The database contains 615 data points (different cell types and/or different time points). Cells are grouped in the following way.

  • ABp lineage (96 cells)
  • ABal lineage (84 cells)
  • ABar lineage (41 cells)
  • MS lineage (53 cells)
  • E lineage (2 cells)
  • C lineage (22 cells)
  • D lineage (4 cells)
  • Ciliated neurons (20 cell types, 2-3 timepoints)
  • Non-Ciliated neurons (47 cell types, 1-3 timepoints)
  • Glia and excretory cells (10 cell types, 1-3 timepoints)
  • Muscle cells (8 cell types, 3 timepoints)
  • Mesoderm (8 cell types, 1-4 timepoints)
  • Hypodermis and seam (9 cell types, 1-4 timepoints)
  • Intestinal and rectal cells (6 cell types, 3-4 timepoints)
  • Pharyngeal cells (16 cell types, 1-3 timepoints)
  • Germline cells (3 timepoints)

The following color code is used in the expression graphs.

GExplore Logo

OrthoFinder2 was used to systematically group homologous C. elegans and C. briggsae genes into ‘orthogroups’ by reciprocal BLAST searches. On the display page the user has the option to display all members of the orthogroup(s) for a direct comparison of the expression of homologous genes in the two species.

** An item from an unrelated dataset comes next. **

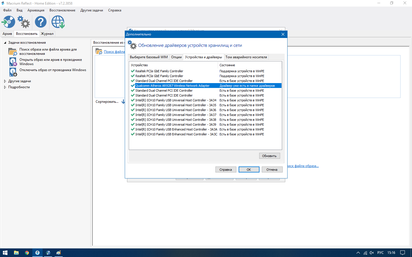 Тут есть одна тонкость. Этот самый Макриум когда отключаешь пункт загрузочного меню, само меню не удаляет, а при новом подключении не перезаписывает! А файлы для записи на флешку берет именно оттуда (если меню уже подключалось).В английской HOME x64 рег-файлы не добавляют лицензию. Wi-Fi в home x64 (v7.2.3858) не подключается, вкладка в русской версии с новым русификатором не открывается, список открывается по значку. Вот здесьYou must be registered for see linksпишут, что проблема была у Майкрософт, которая вроде была исправлена, но wi-fi не подключает. Возможно, это только у меня, и я что-то делаю не так. Адаптер Qualcomm Atheros AR9287, драйвер добавляется на аварийный носитель, и в WinRE вкладка "Неподдерживаемые устройства" пишет что все драйвера загружены.
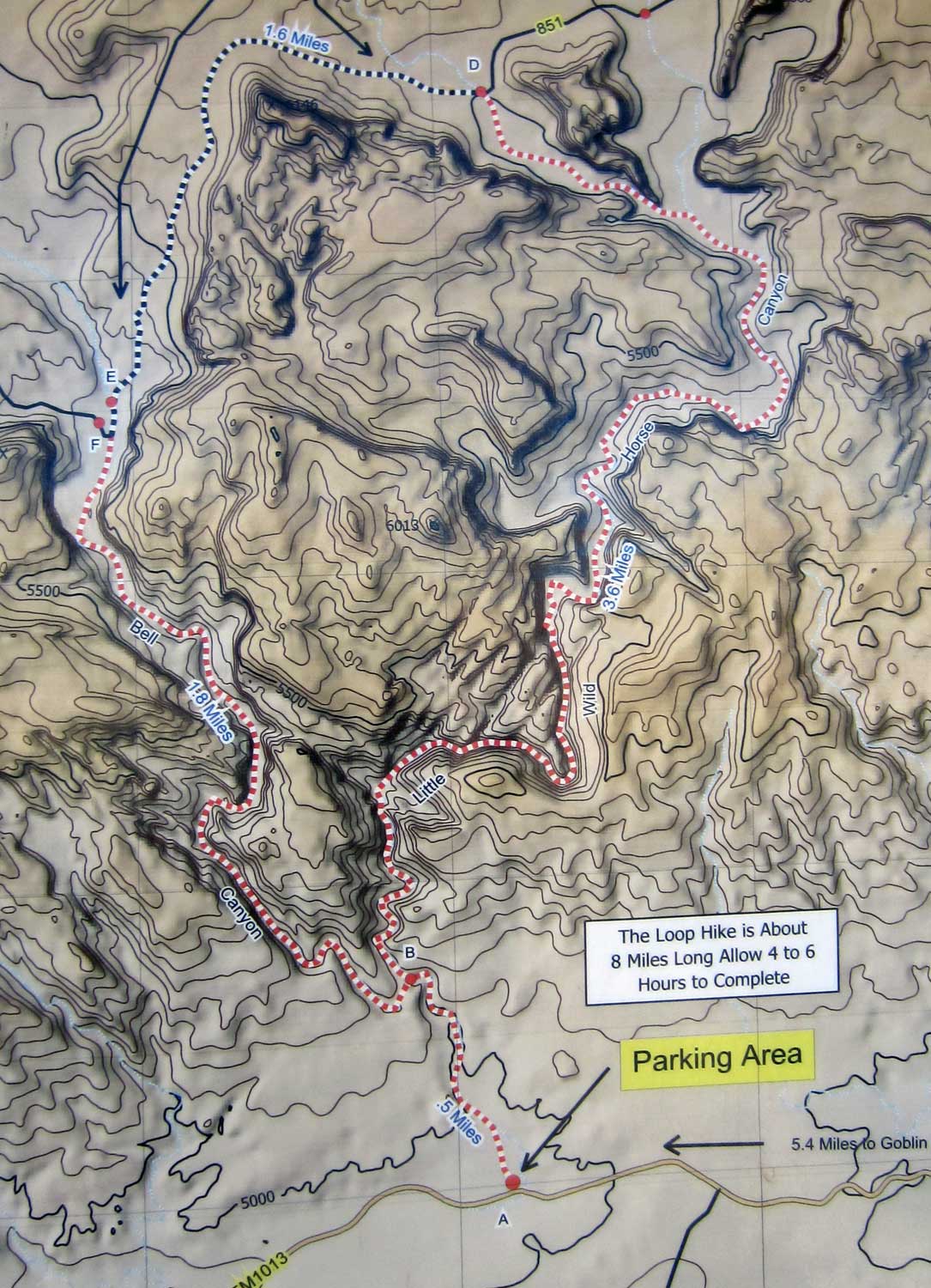 My plan was to go up Little Wild Horse, catch the Behind The Reef Road for 1.6 miles, and follow Bell Canyon back down.

Last updated on March 16, 2025

Search Fields

Overview

You only need to enter search terms in one of the search fields. If you enter search terms in multiple fields, they will be combined for an 'and' search (the result will contain only genes that fulfill all search criteria). You can hit the 'back' button on your broswer to go back to the search page to modify a search. When you start a completely new search, make sure that you clear the search fields. Any 'left-over' entries from previous search typically result in '0 genes found', since entires in all search fields are combined for an 'and' search.

What to expect?

Once the search is executed, the results will be displayed in table format. On the result page, you can:

  • Select additional data to display.
  • Remove genes from the result table to finetune the output
  • Export the table as text or csv file.
Gene Search Field

The gene search field accepts the following identifiers (or any combination):

  • WormBase gene ID: WBGene00003738
  • Gene sequence name: F54F3.1
  • Locus name: nid-1
  • Protein sequence name: F54F3.1a

Names can be separated by commas, semicolons, space or newline characters. You can enter (or copy) a list of thousands of gene names for a single search. * can be used as a wildcard character, representing one or more characters of any kind. For example, unc-* means all gene names beginning with unc-.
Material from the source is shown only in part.